Health Benefits,TIPS AND TRICKS

When you are trying to adopt healthy eating habits to help stay as young as you can for as long as you can, how you cook your food is just as important as what you eat. It is possible to prepare your favorite recipes using basic cooking methods that use less fat than traditional approaches.

You don’t have to be an accomplished cook to create low fat healthful cuisine that tastes great. The main challenge to eating well while watching calories is to choose nutrient dense food and avoid excess dietary fat without giving up flavour. Below are five low fat cooking techniques you can master.

  • Steaming– this is simply cooking food in an enclosed environment infused with steam. Light steaming is one of the healthiest cooking methods, and is particularly well suited to cooking vegetables, fish fillets and chicken breasts. Steaming helps retain nutrients. This technique is very easy to master, simply place the food in a perforated basket and suspend it above simmering water or better still you can use an electric steamer. You can also add seasonings to the water to flavor the food as it cooks.
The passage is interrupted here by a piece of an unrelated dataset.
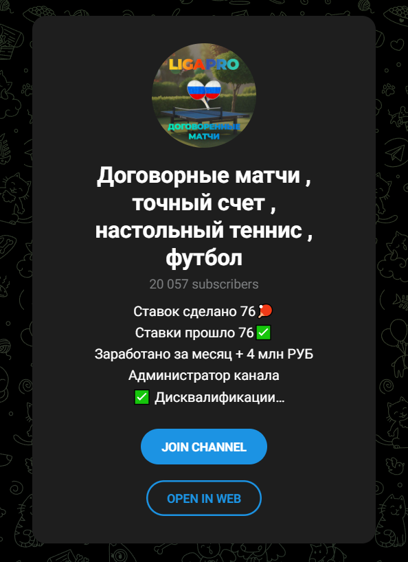 Все что нужно - ПОДПИСАТЬСЯ и прочитать закрепленный пост 💸 Если вам говорят, что прогноз “заходит на 100 %” или “точный счёт гарантирован” — это уже повод усомниться. Настоящий спорт непредсказуем, и гарантировать результат — нереально. Часто делают так: сначала публикуют для “ограниченного круга” платные прогнозы, обещают эксклюзив и доступ к “утечке инсайдерской информации”. Но после оплаты прогноз либо не приходит, либо оказывается неверным. На каналах часто публикуют “отзывы клиентов”, где описание успеха однотипно: “вложил, по

Try this– steam one fish fillet by wrapping it in foil with few garlic cloves, grated fresh ginger, onion and scent leaves. After squeezing fresh lemon juice over the fish, wrap it closed and place in a steamer basket. Bring 2 inches of water to a boil in a pot, put basket over water and cover. Steam for about 6 minutes.
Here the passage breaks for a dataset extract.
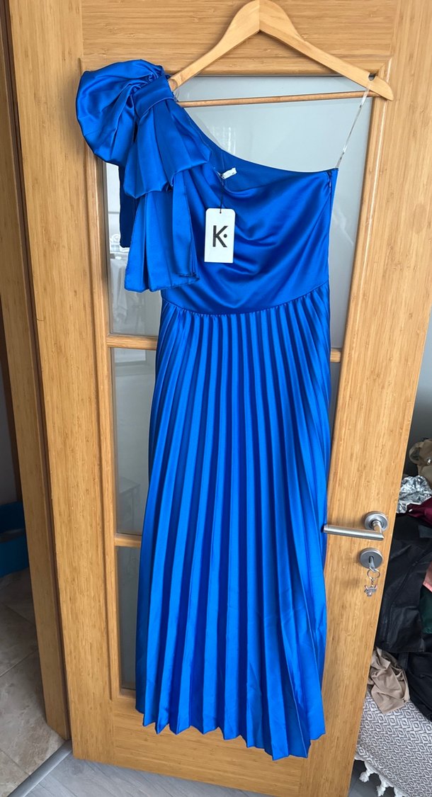 Uzun, koyu mavi renkli bu kadın elbisesi straplez yaka ve ince askılıdır. Pilili etek ve bol kesim tasarımıyla parti için uygundur. Paris tarzı ve 'K' markalıdır.

  • Stir-frying– this is also a healthy cooking method because it only requires a little amount of vegetable oil, as opposed to the saturated fats associated with traditional frying method. Stir-fried vegetables are cooked for a very short period, which helps retain more nutrients as well as texture, flavor and color. This method of cooking requires that food be cut into small, uniform pieces to ensure every ingredient is cooked thoroughly. This method of cooking requires your full attention because continuous stirring and sometimes tossing of the ingredients are necessary to prevent food from sticking to the pan.

Tip– vegetables should be properly diced or chopped; meats should be trimmed of fat and sliced. Spices should be laid out on a plate and ready to go.

Try this– heat a non-stick wok/pan over high heat; spray with oil. Add ½ cup chopped onions, 1 minced garlic clove, 1 medium sized chopped red bell pepper and a dash of chili pepper flakes; stir-fry for about 30 seconds. Add ½ cup chicken broth and ½ cup white wine; simmer for about 2 minutes. Add ½ pound of medium-size shrimp; cover and cook for 5 minutes.

  • Microwaving– “microwaving cooks essentially like steaming,” says Victoria a Wise, a chef and author of The Well-Filled Microwave. “And like steaming, it lends itself to low fat or no fat cooking. The foods that do well these ways are vegetables, which retain their color along with their nutrients, and fish and chicken, which plump up well compared to feet and pork”. The power of the microwave depends on the wattage per square foot of internal oven space: the higher the wattage and smaller the oven, the more powerful.

Tips– cover food to retain the moisture, this gives it its succulence. Although some manuals suggest using plastic wrap to cover, some studies show that molecules from the wrap can travel into food. Use covered casserole dishes or cover with a flat, glass plate.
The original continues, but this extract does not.